Monday, April 21, 2014

Mom

I miss my Mom! 

Truthfully, I did not think that I would ever be able to say that!  I am being very vulnerable and transparent here and it scares me.   But I know that I must put my thoughts on paper (to the world) to really move on in my life! 

My relationship with my mother has been up and down, to say the least!  As the oldest child (of eight) I was expected to be the perfect role model for the family so that the sins of our father (alcoholism) would be redeemed.  Hmmm!  That word redeem (redemption) again.  I was also my mother's confidant when it came to their marital problems.  Sometimes, my mother had no boundaries in that area and it made me very squeamish and to be truthful, angry! 

My parents did not fight much, unless you call one person, Mom, yelling at Dad about his drinking and his inability to provide and care for his family fighting.  Dad would usually be silent.  To me a fight is two or more people engaged in the fight.  With my Dad's silence, he guaranteed that I would think that my Mom was the "bad guy."  And so it was!

My dad quit drinking when I was college, but the "fighting" continued.  I was surprised, what could there be to fight about?  Regretfully, in some respects, my dad's behaviors did not change.  I should say, my dad's behavior to my mother did not change.  I think, I should say, I know, that my mother did not feel any remorse from my father.  No, "I'm sorry."  She hated that in him until the day he died.

As an adult I have moved away from my "hometown" and lived in several different states.  As a dutiful daughter, I invited my parents to visit us in the winter. Sooner or later, Mom would start "fighting" with Dad and made sure that I heard it!  She expected me to intervene and solve their problems..."make him love me!"  I remember many a long hours talking with both of them....it did not help that I am a wanna-be counselor...so I got right in the middle of it all!  It did not help!  The next year, this scenario would be repeated.  And you know what's sad too....I kept inviting them to visit!  Sometimes for more than four weeks!  Uffda!  I am a glutton for punishment! 

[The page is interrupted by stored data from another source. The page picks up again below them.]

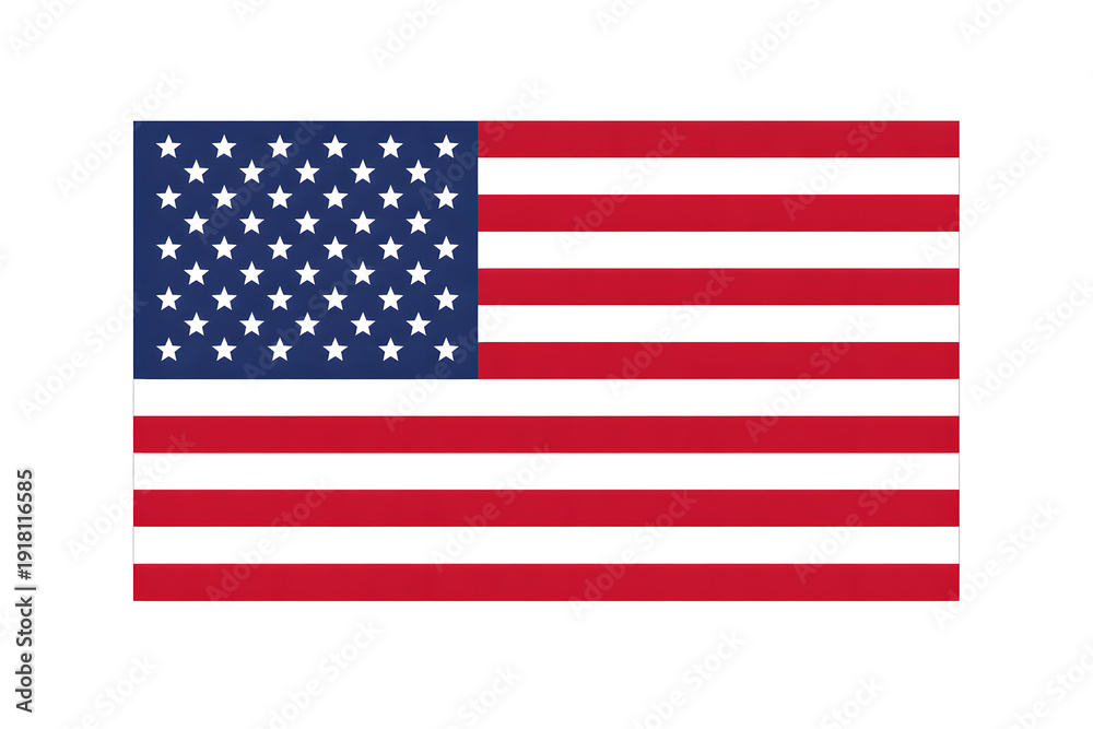 American flag illustration featuring fifty white stars on blue canton and thirteen red and white horizontal stripes design #1918116585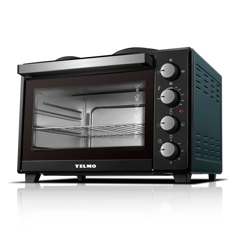 Horno Electrico. Potencia: 1600W. Capacidad: 45 Lts. Capacidad util 35L. Rango de temperatura: 100 a 250. Estante regulable. Grill. Gabinete: Metal. Timer: 60 minutos. Termostato. Controles: 4.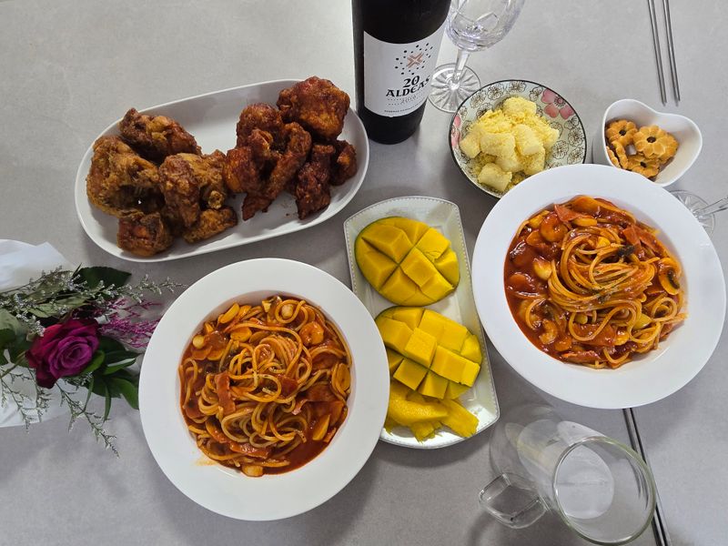 나가서 먹기도 애매하고 집에서 후다닥 파스타랑 간단하게 만들었네요~ 그래도 기념일이니 와인과 함께♡

Last May, my dad died.  In June and September, I visited my mom and she would start talking about how Dad "never loved me."  I finally got some "balls" and told her that if she came down to visit, I would NOT tolerate anymore talk like that.  When it came time for my dad's birthday in October, all my siblings went to Mom's house to be with her.  Some of them had not been to her house since Dad's funeral and/or rarely called her to see how she was.  This only reiterated with my mother that Dad was special one in the family.  She later lamented to me that "the wrong parent died."  How sad is that?

So, again, I invited her to come down for a winter visit. I reminded her of the guidelines...no bashing of Dad.  This visit was different.  She did break down once and talked about Dad not loving her and how the wrong parent died.  I let her vent and then kindly, as kindly as I can be, told her that it's over and let's not talk like that anymore, and we didn't.  We had a lot of fun times doing things, playing cards and games, going places.  She met a lot of my neighbors and they loved her!  My mom was feeling love from strangers and she gave them back her love and sweetness.  I came to realize that my mother is not the ogre that I have made her out to be!  I take full responsibility for my feelings and actions. 

My heart is changing.  My heart is allowing me to love the woman that has loved me for sixty plus years.  I miss my Mom!